In the quantum computing arena, and others, hardware known as ‘accelerators’ are used to improve performance in the execution of workloads. The accelerators may provide a high level of performance, such as in terms of workload execution speed, relative to more conventional systems and devices. There are many QPU (quantum processing unit), GPU (graphics processing unit), and other accelerator service providers available, offering similar capabilities.

The type and number of accelerators needed to support the execution of a workload may vary from one workload to another. As a result, a developer may have to switch between accelerator services from time to time in order to support the changing needs. However, switching between accelerator services may be problematic.

For example, when a developer needs to swap between services, the developer typically must manually configure service endpoints and credentials, and may also have to configure security policies and service mesh configuration. Another concern is that developers have no unified way of orchestrating accelerator workloads across local hardware and remote services. Finally, developers are unable to dynamically scale the number of accelerators that a workload has available to it while the workload is running.
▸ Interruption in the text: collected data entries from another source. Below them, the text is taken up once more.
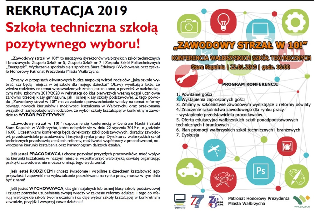 Edukacji i Wychowania oraz dyrektorzy wałbrzyskich szkół technicznych i branżowych: Zespołu Szkół Nr 5, Zespołu Szkół Nr 7 i Zespołu Szkół Politechnicznych „Energetyk”, zapraszają na konferencję pt. „Zawodowy strzał w 10 !”, która odbędzie się w dniu 22 stycznia 2019 r., o godzinie 16.00 w Starej Kopalni Centrum Nauki i Sztuki w Wałbrzychu. Podczas spotkania zaproszeni goście zapoznają się ze zmianami dotyczącymi szkolnictwa zawodowego, ofertą edukacyjną ww. szkół ponadpodstawowych i opiniami pracodawców na temat znaczenia szkolnictwa zawodowego dla współczesnego rynku pracy. Konferencja ma charakter otwarty i mile widziani będą również rodzice .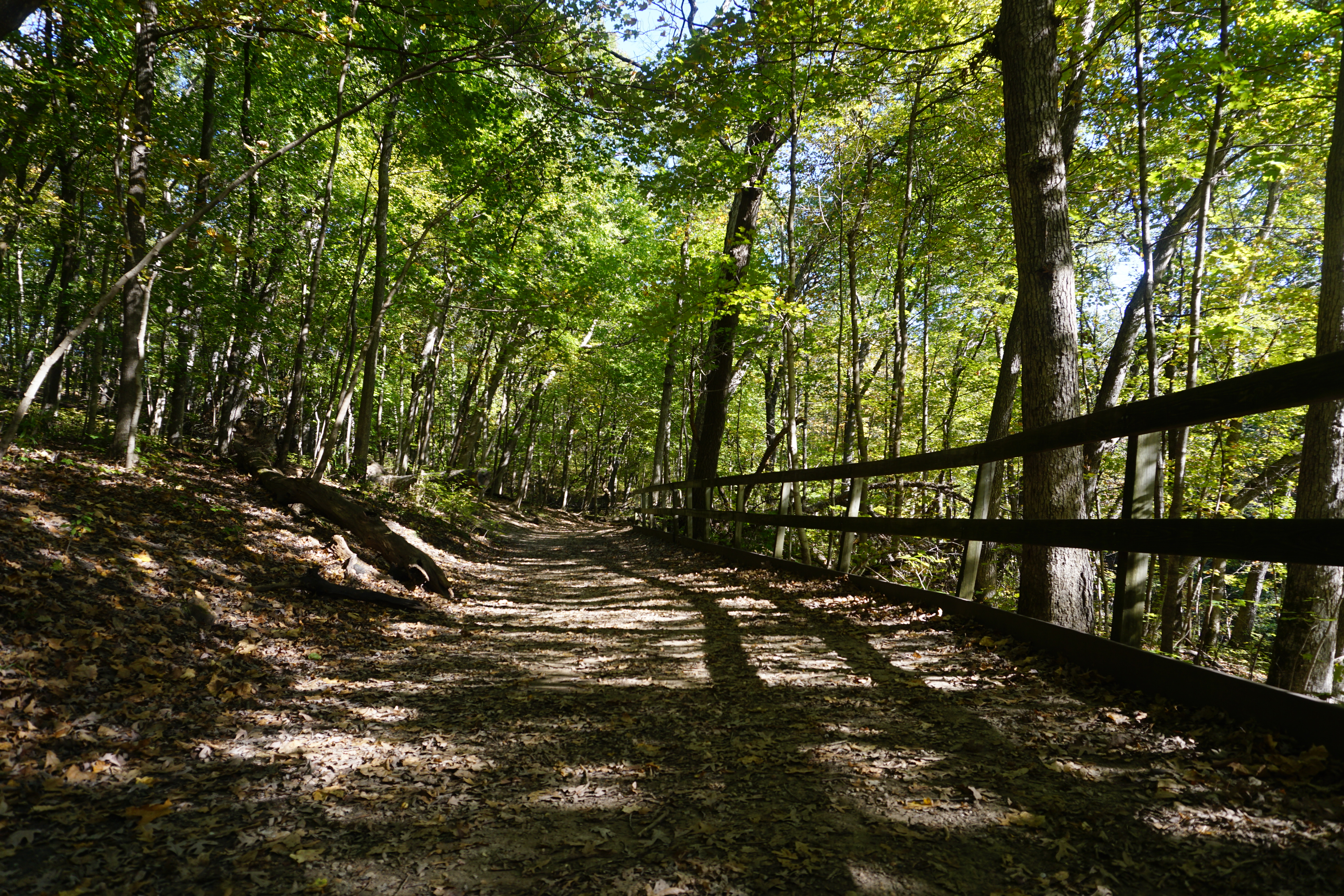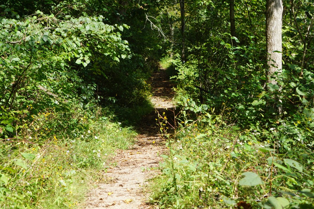 Found it, though! Wooden beams form steps down into the bottoms and the familiar path through the woods. A few of them seem to be newly replaced, and I’m glad it’s being maintained.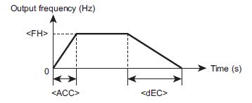 In [ACC: Acceleration time 1], set a time before the output frequency of the inverter reaches the value of [FH: Maximum frequency] from 0.0 Hz.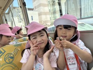 4日から3日間園外保育に出かけました。3日間ともとてもいいお天気でした。トーマスバスやピカチュウバスに乗ってわくわくどきどき思いっきり楽しんだね! 園外保育の画像は学年ごとに掲載します。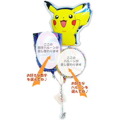 誕生日 七五三などのプレゼントにピカチュウ - 【数字入】ポケモン ピカチュウ卓上型3バルーンセット<補充用ヘリウムガス付>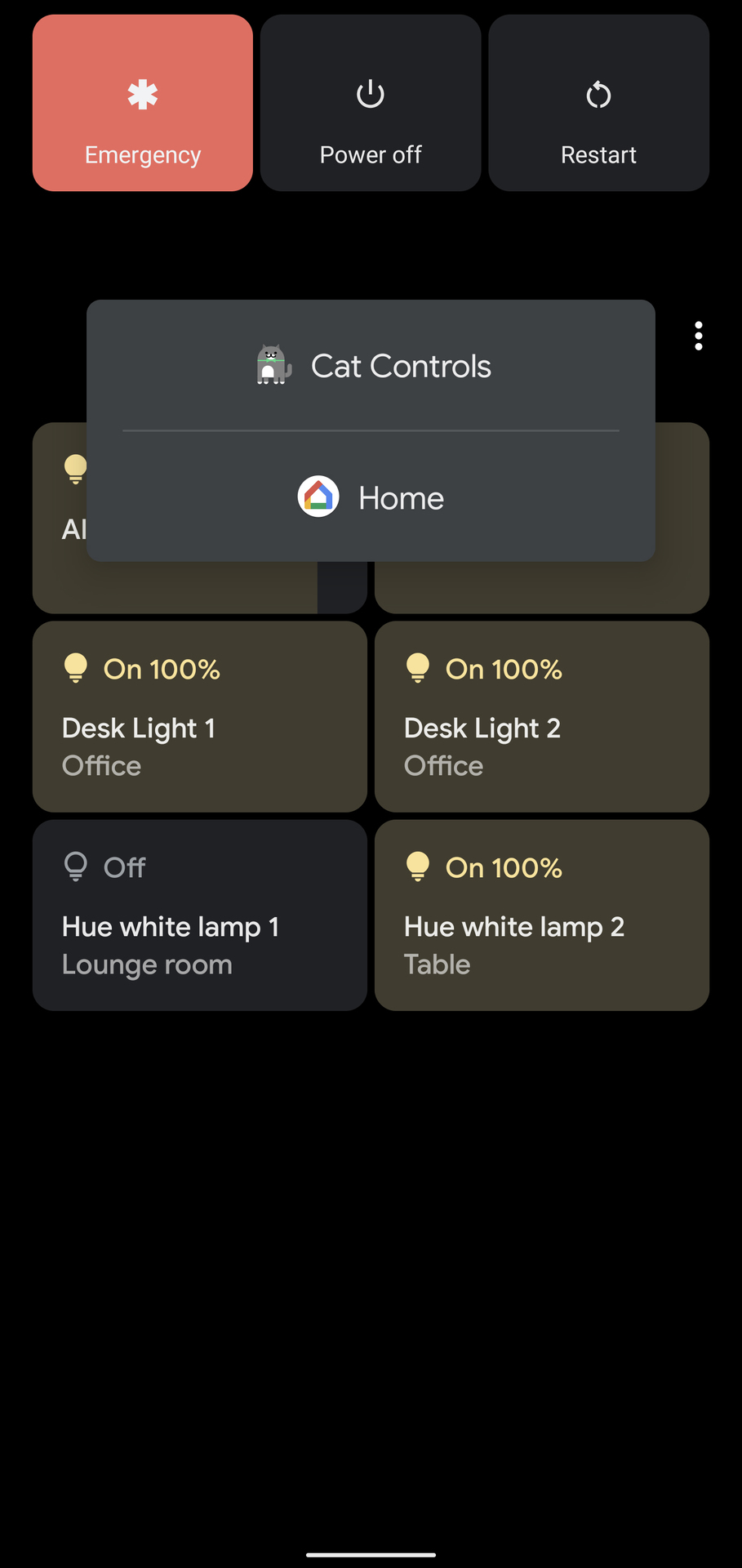 Don’t worry: you can still access your smart home controls in the power menu. Just select the Cat Controls option right below the Google Pay card, then select Home.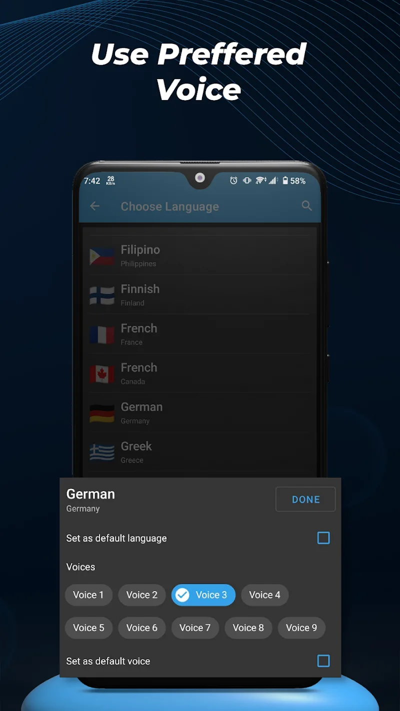 - Customize Voice Settings: Users can choose their preferred voice and create better-quality audio files. The app lets users adjust different parts of the audio, like volume, speed, and pitch. The voice can be tailored to match the user’s desired tone for a better sound.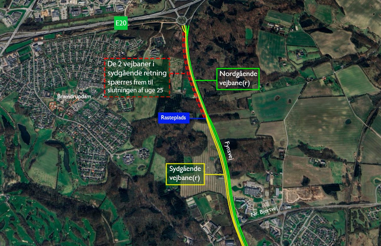 Fra fredag kl. 19 lukkes Fynsvej i sydgående retning fra den store rundkørsel ved motorvejen og frem til Nr. Bjertvej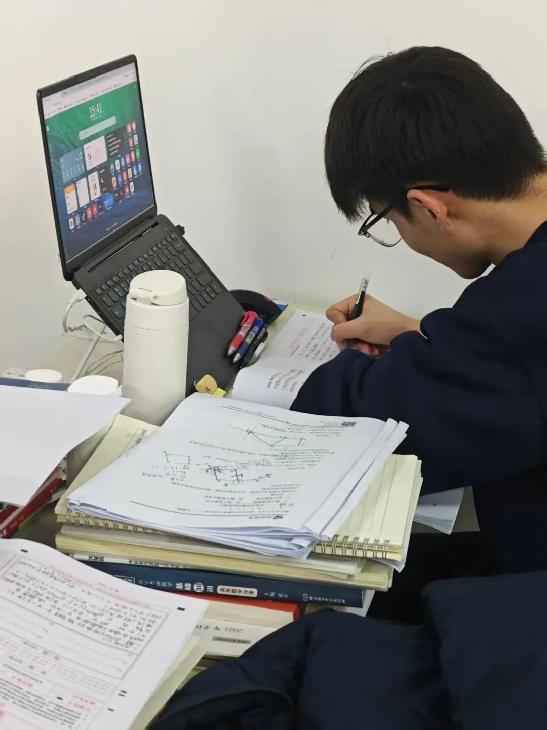 早八、实验、报告修改填满生活,备考只能挤边角时间:晨读时记政治考点,实验等待间隙析真题,等自习室清场后,再回到书桌复盘,直到深夜才卸下疲惫。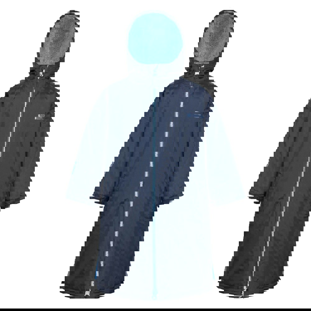 The Mountain Warehouse Children’s Tidal Waterproof Robe in navy is made from 100% polyamide with a soft-touch fabric finish. Isotherm fabric technology combines waterproof and windproof performance, supported by taped seams and a 1500mm waterproof rating.
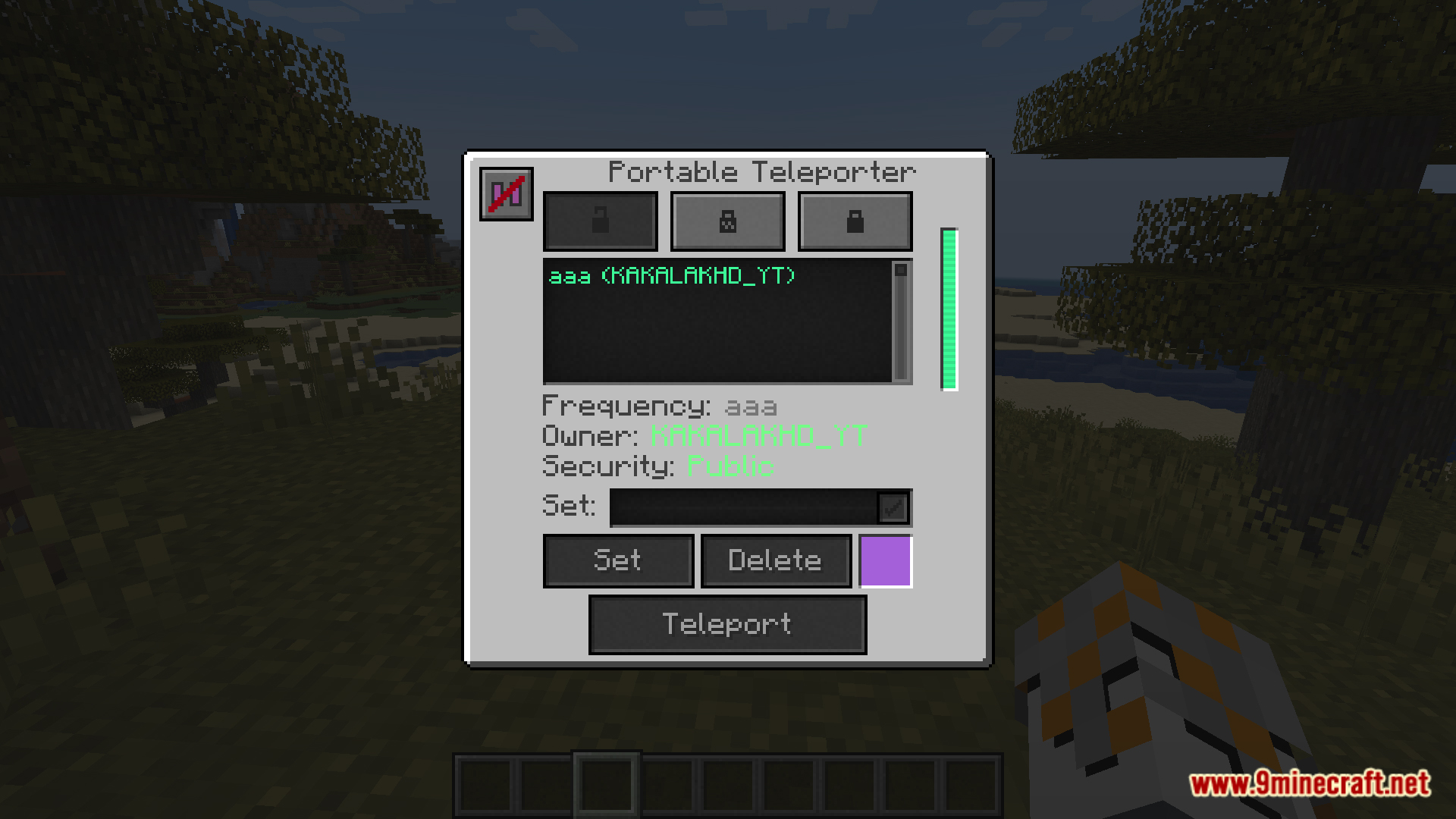 - Teleporter Slot: Use Portable Teleporter from Curios slot, default key: U.

BRIEF DESCRIPTION OF THE DRAWINGS

In order to describe the manner in which at least some of the advantages and features of the invention may be obtained, a more particular description of embodiments of the invention will be rendered by reference to specific embodiments thereof which are illustrated in the appended drawings. Understanding that these drawings depict only typical embodiments of the invention and are not therefore to be considered to be limiting of its scope, embodiments of the invention will be described and explained with additional specificity and detail through the use of the accompanying drawings.

FIG. 1 discloses aspects of an example architecture according to some embodiments.

FIG. 2 discloses aspects of an example method according to some embodiments.

FIG. 3 discloses an example computing entity operable to perform any of the claimed methods, processes, and operations.

DETAILED DESCRIPTION OF SOME EXAMPLE EMBODIMENTS

Embodiments of the present invention generally relate to quantum computing systems. More particularly, at least some embodiments of the invention relate to systems, hardware, software, computer-readable media, and methods for the implementation and use of a quantum accelerator service catalog and broker.

In general, at least some example embodiments of the invention may be directed to the creation and use of a service catalog and broker for various accelerators, examples of which include GPUs and QPUs. Particularly, example embodiments of the invention may enable a developer to select a specific set of accelerators from an available listing and then create and provide credentials for the accelerator services that are provided. The service catalog may also, in some circumstances, provision instances of those services for use by the developer workload via an API provided by the service listing.

This API may connect to an accelerator management process running in the same environment as the developer workload. This environment may be, for example, a CaaS (Container as a Service) environment, or a single server, or any other suitable environment. The accelerator management process may orchestrate the creation of job-specific processes that use an accelerator. These processes may run code that utilizes one kind of accelerator and handle the communication of inputs and outputs between the workload process and an accelerator. The management process may make decisions about which service or locally-attached accelerator to use in each of these processes. In this way the developer workload may be able to dynamically launch multiple accelerator jobs on different kinds of accelerators without directly managing those resources.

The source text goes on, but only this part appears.